Ist das Maß voll oder ist es maßvoll?
Es wird bald ein neues Europäisches Parlament gewählt. Überall gibt es Wahlplakate, aber viele haben keinen Bezug zu Europa. Es sind unzählige Slogans, manchmal auch Köpfe, die kaum einer kennt. Und so mancher Slogan bringt mich zum Grübeln. Die Aussage „Sei kein Arschloch“ ist unmissverständlich allgemein gültig. Aber was bedeutet „Für ein starkes Bayern in Europa“ oder gar „Deutschland zuerst“?
Im 19. Jahrhundert war Deutschland ein Flickenteppich von einzelnen Staaten. Mit der Gründung des deutschen Zollvereins 1833 wurde eine wirtschaftliche Entwicklung eingeleitet, in der z.B. Maße, Gewichte und Währungen vereinheitlicht und die Zollgrenzen abgebaut wurden. Das war eindeutig vorteilhaft! Bei der Gründung des Deutschen Reiches kamen dann auch weniger attraktive Aspekte hinzu, weil man sich im Gegensatz zu den anderen Staaten benachteiligt fühlte. Das Ergebnis waren der Erste und letztlich auch der Zweite Weltkrieg.

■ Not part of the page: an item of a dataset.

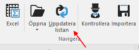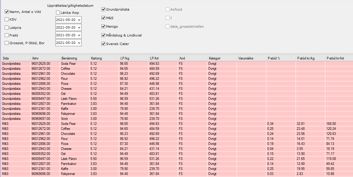 För att ”rätta” till gula raderna ska artiklarna läggas upp under Sortiment – Produkter. När artiklarna är inlagda gå till fliken grossistprislistor och klicka på knappen Uppdatera listan.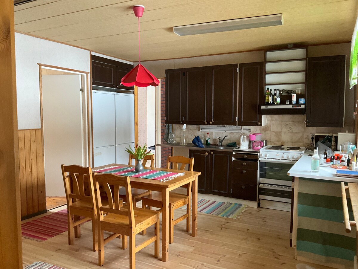 A 52 m2 house in a great location by the river in its own yard, inhabited year-round. Centrally located about 35 kilometers from the city center and next to the golf course. The house has a double bed, as well as a sofa bed for sleeping. Kitchen and 2 rooms, toilet, and bathroom. The air heat pump cools the house in the summer. There is also a beach sauna in the yard. A guest house with two more beds is available from mid-April until October. The dock is removed and will be returned after the ice has melted.

Im 19. und 20. Jahrhundert war Europa noch deutlich geprägt von Kriegen. 1866 besiegte die preußische Armee bei Königgrätz die von Österreich und Sachsen. Der „Erzfeind“ war aber Frankreich und noch 1968 erlebte ich in Frankreich kriegsbedingte antideutsche Ressentiments. Das ist nun weitgehend vorbei und einen wesentlichen Beitrag dazu hat die Europäische Union geleistet.
Es gibt viele Aufgaben, die man besser zusammen löst. Umweltschutz und ein gemeinsamer Wirtschafts- und Rechtsraum sind darunter, aber auch die Sicherheit ist gerade heute unverzichtbar dabei. Andere Themen sind regional besser aufgehoben. Dann sollten sie nach dem Prinzip der Subsidiarität auch regional bleiben.
Hans-Dietrich Genscher hat immer darauf hingewiesen, dass man sich in der EU für Mehrheiten mit Partnern abstimmen muss. Das ist eine der Grundlagen liberaler Politik. Man hat nie die Mehrheit allein und muss seine Anliegen mit guten Argumenten vortragen. Und die anderen sollten sich selbst nicht als das Maß aller Dinge sehen und zuhören. Natürlich ist in einer Diktatur alles einfacher, aber es ist ganz sicher nicht besser.
„Deutschland zuerst“ wird von einer Partei als Gegensatz zu Europa verstanden, nicht wissend, dass dies die Vereinbarung der Alliierten im Zweiten Weltkrieg war, Deutschland als Hauptproblem zuerst zu besiegen, was danach zu „Europe first“ abgewandelt wurde.
Gegen ein starkes Bayern wäre nichts einzuwenden, wenn dadurch die pro-europäische Idee gestärkt würde. Europa sollte ein Europa der Regionen sein, nicht der nationalen Interessen. Die Europäische Union wird und muss sich wandeln. Die eine oder andere globale Regelung muss modifiziert werden. Aber es gibt keine Alternative, nicht zum Euro und nicht zur Europäischen Union. Daher sollten wir alle nur die Parteien wählen, die das positiv gestalten wollen. Es gibt ja einige zur Auswahl!